- The paper demonstrates that standard MT metrics do not correlate strongly with extrinsic task success at the segment level.
- The study applies a Translate-Test setup across semantic parsing, question answering, and dialogue state tracking to robustly assess metric efficacy.
- The paper recommends transitioning from numerical scores to error-focused labeling and diverse training data to enhance MT evaluation.
Extrinsic Evaluation of Machine Translation Metrics
Introduction
The paper "Extrinsic Evaluation of Machine Translation Metrics" investigates the efficacy of automatic machine translation (MT) metrics in detecting the segment-level quality of translations. These metrics have traditionally been used to evaluate translation quality at the system level, but their ability to assess individual sentence translations remains ambiguous. This paper correlates MT metrics with outcomes from downstream tasks, including dialogue state tracking, question answering, and semantic parsing, to measure their utility in practical applications.
Methodology
The methodology involves the Translate-Test setup, where translations of test language sentences to the task language are evaluated for downstream tasks.
Figure 1: The meta-evaluation pipeline.

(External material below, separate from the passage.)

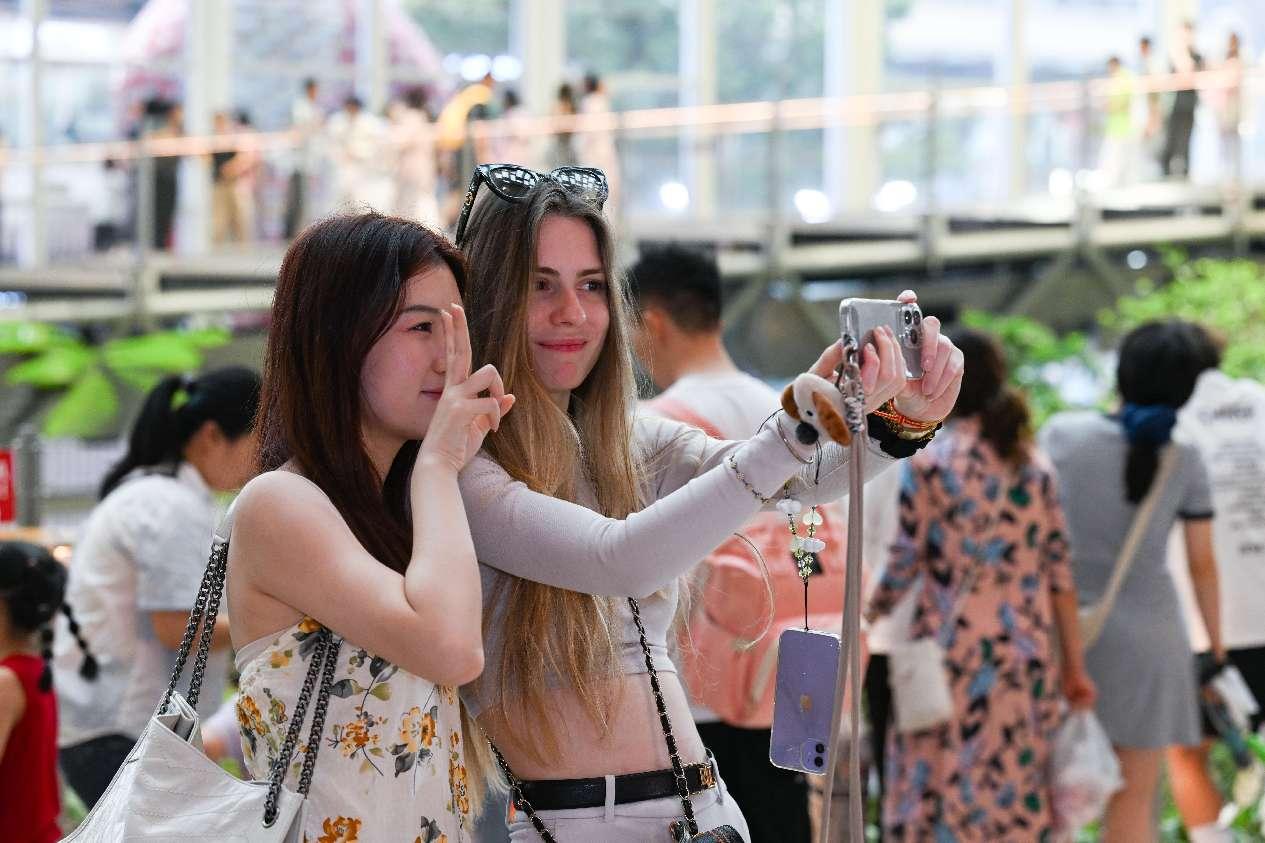 Tourists pose for a picture at a shopping center in southwest China's Chongqing municipality. (Photo by Wang Jiaxi/People's Daily Online)

The predictions for the extrinsic task in the test language (Chinese, ZH) are obtained using the Translate-Test setup --- the test language is translated into the task language (English, EN) before passing to the task-specific model.
Tasks Evaluated
- Semantic Parsing (SP): Uses logical forms to transform natural language into machine-readable formats, evaluated using exact-match denotation accuracy.
- Extractive Question Answering (QA): Predicts word spans from a paragraph to answer questions, with performance measured by Exact-Match metrics.
- Dialogue State Tracking (DST): Maps user intents in conversations to predefined slots, tested with Joint Goal Accuracy.
After translations are processed by task-specific models, MT metrics assess whether translations contribute to downstream task success or failure.
Results
The paper finds minimal correlation between MT metrics scores and success in extrinsic tasks, indicating that current metrics are not reliable at the segment level.
Case Study
A focused analysis on the semantic parsing task with Chinese inputs illustrates the limitations of MT metrics, using COMET-DA scores to categorize correct versus incorrect parses.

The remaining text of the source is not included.